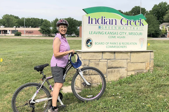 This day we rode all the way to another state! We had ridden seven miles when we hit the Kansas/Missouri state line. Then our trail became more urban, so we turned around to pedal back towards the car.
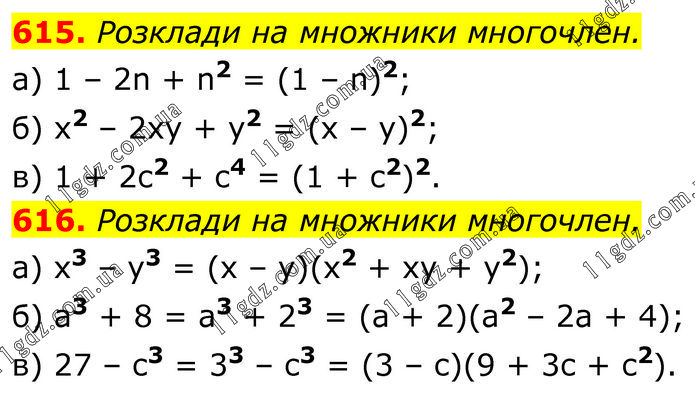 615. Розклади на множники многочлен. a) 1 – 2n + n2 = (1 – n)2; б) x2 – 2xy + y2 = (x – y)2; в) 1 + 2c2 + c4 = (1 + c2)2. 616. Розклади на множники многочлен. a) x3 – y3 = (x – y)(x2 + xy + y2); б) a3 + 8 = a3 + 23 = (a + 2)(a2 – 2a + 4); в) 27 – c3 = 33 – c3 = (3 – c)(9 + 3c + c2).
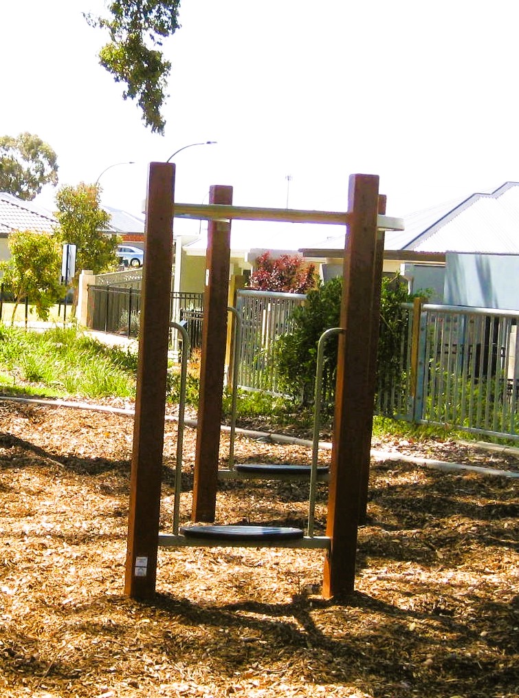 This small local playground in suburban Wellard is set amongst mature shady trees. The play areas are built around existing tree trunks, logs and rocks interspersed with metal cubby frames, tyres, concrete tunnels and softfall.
========
### [How to complete this task]
The pictures in the data should be omitted, and every remaining line set down exactly.

### [Problem solution]
 This day we rode all the way to another state! We had ridden seven miles when we hit the Kansas/Missouri state line. Then our trail became more urban, so we turned around to pedal back towards the car.
 615. Розклади на множники многочлен. a) 1 – 2n + n2 = (1 – n)2; б) x2 – 2xy + y2 = (x – y)2; в) 1 + 2c2 + c4 = (1 + c2)2. 616. Розклади на множники многочлен. a) x3 – y3 = (x – y)(x2 + xy + y2); б) a3 + 8 = a3 + 23 = (a + 2)(a2 – 2a + 4); в) 27 – c3 = 33 – c3 = (3 – c)(9 + 3c + c2).
 This small local playground in suburban Wellard is set amongst mature shady trees. The play areas are built around existing tree trunks, logs and rocks interspersed with metal cubby frames, tyres, concrete tunnels and softfall.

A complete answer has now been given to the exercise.